• Problem to solve
All of the data is to be written out again exactly, without the pictures.

• Data segment
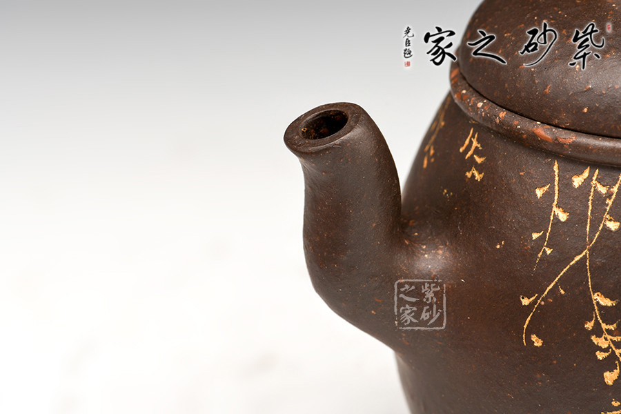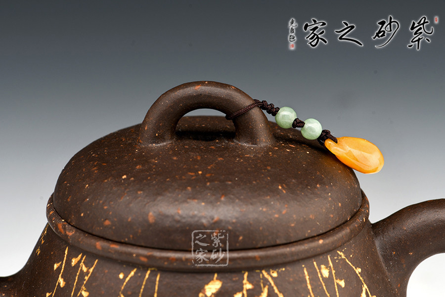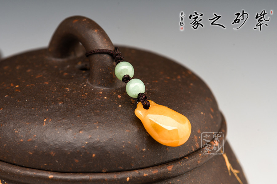 這把壺壺身整體圓潤(rùn)飽滿,也象征著我們提倡的處事之道,圓融貫通。這把壺的橋型壺鈕上配以一串玉石,仿佛象征著玉器與紫砂的結(jié)合本就是一種隨喜緣分。
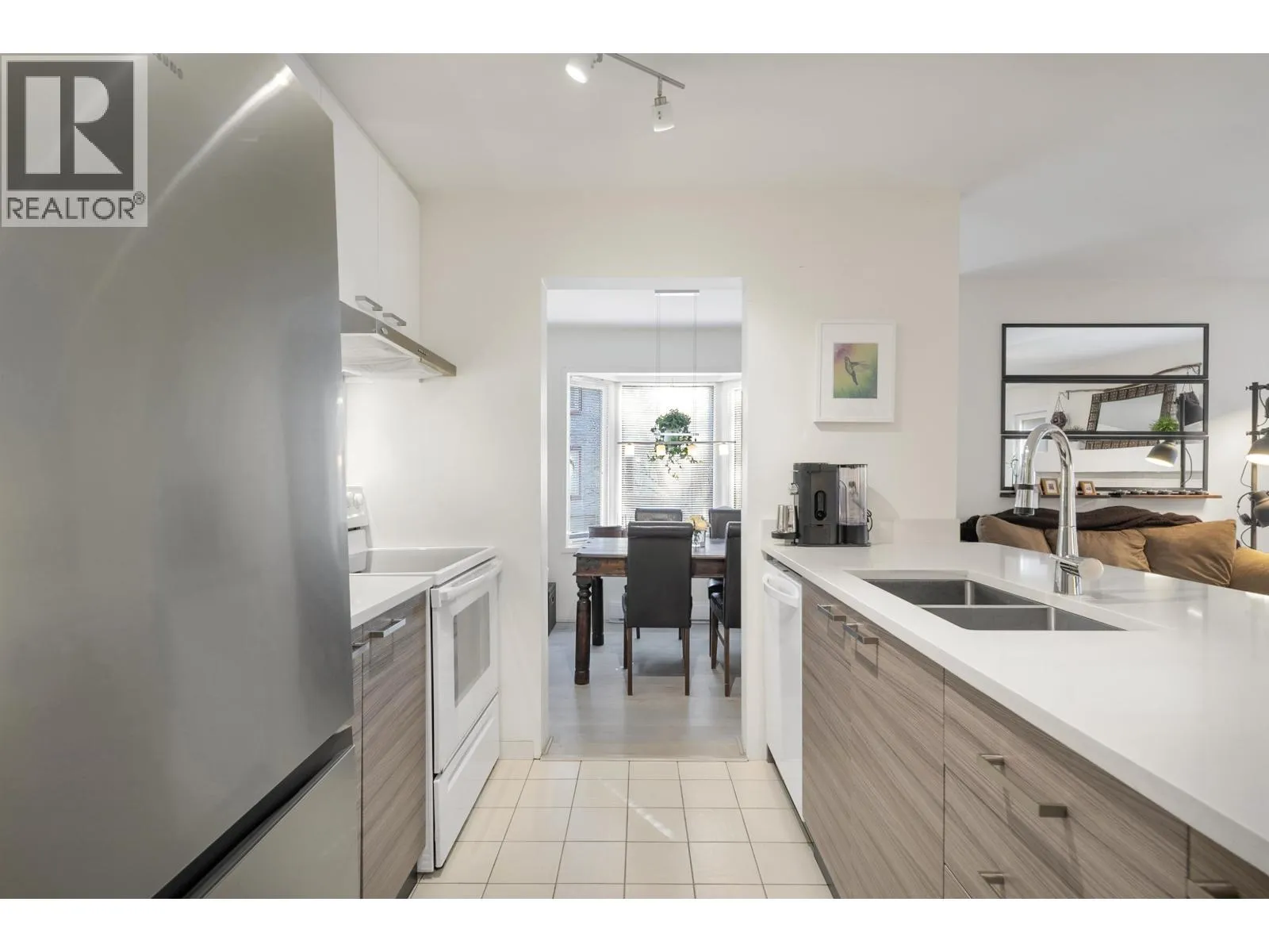 Bright corner 2 Bed/1 Bath with 951 square ft of living with smart design and calm surroundings. This tastefully renovated open kitchen-with a generous counter for cooking, hosting, and everyday life-makes the home move-in ready (no renovation stress, no surprise costs). Extra windows mean more natural light, while the quiet, tree-lined outlook and nearby walking path offer a peaceful daily
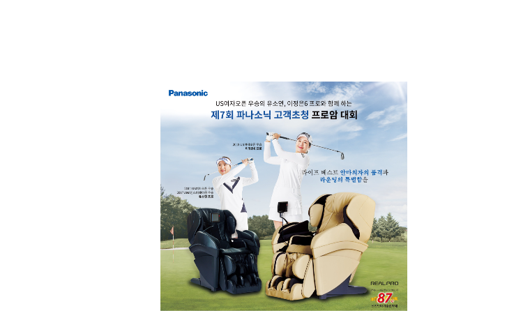 파나소닉코리아는 지난 8월부터 실시한 안마의자 MAK1 구매고객 초청 이벤트를 오는 9월 30일까지 실시하고 있다. 3년 만에 개최하는 ‘제7회 파나소닉 고객초청 프로암 대회’는 해당 기간 내 파나소닉 안마의자 EP-MAK1을 구매한 고객 가운데 100명을 추첨해 진행된다.

• The answer
 這把壺壺身整體圓潤(rùn)飽滿,也象征著我們提倡的處事之道,圓融貫通。這把壺的橋型壺鈕上配以一串玉石,仿佛象征著玉器與紫砂的結(jié)合本就是一種隨喜緣分。
 Bright corner 2 Bed/1 Bath with 951 square ft of living with smart design and calm surroundings. This tastefully renovated open kitchen-with a generous counter for cooking, hosting, and everyday life-makes the home move-in ready (no renovation stress, no surprise costs). Extra windows mean more natural light, while the quiet, tree-lined outlook and nearby walking path offer a peaceful daily
 파나소닉코리아는 지난 8월부터 실시한 안마의자 MAK1 구매고객 초청 이벤트를 오는 9월 30일까지 실시하고 있다. 3년 만에 개최하는 ‘제7회 파나소닉 고객초청 프로암 대회’는 해당 기간 내 파나소닉 안마의자 EP-MAK1을 구매한 고객 가운데 100명을 추첨해 진행된다.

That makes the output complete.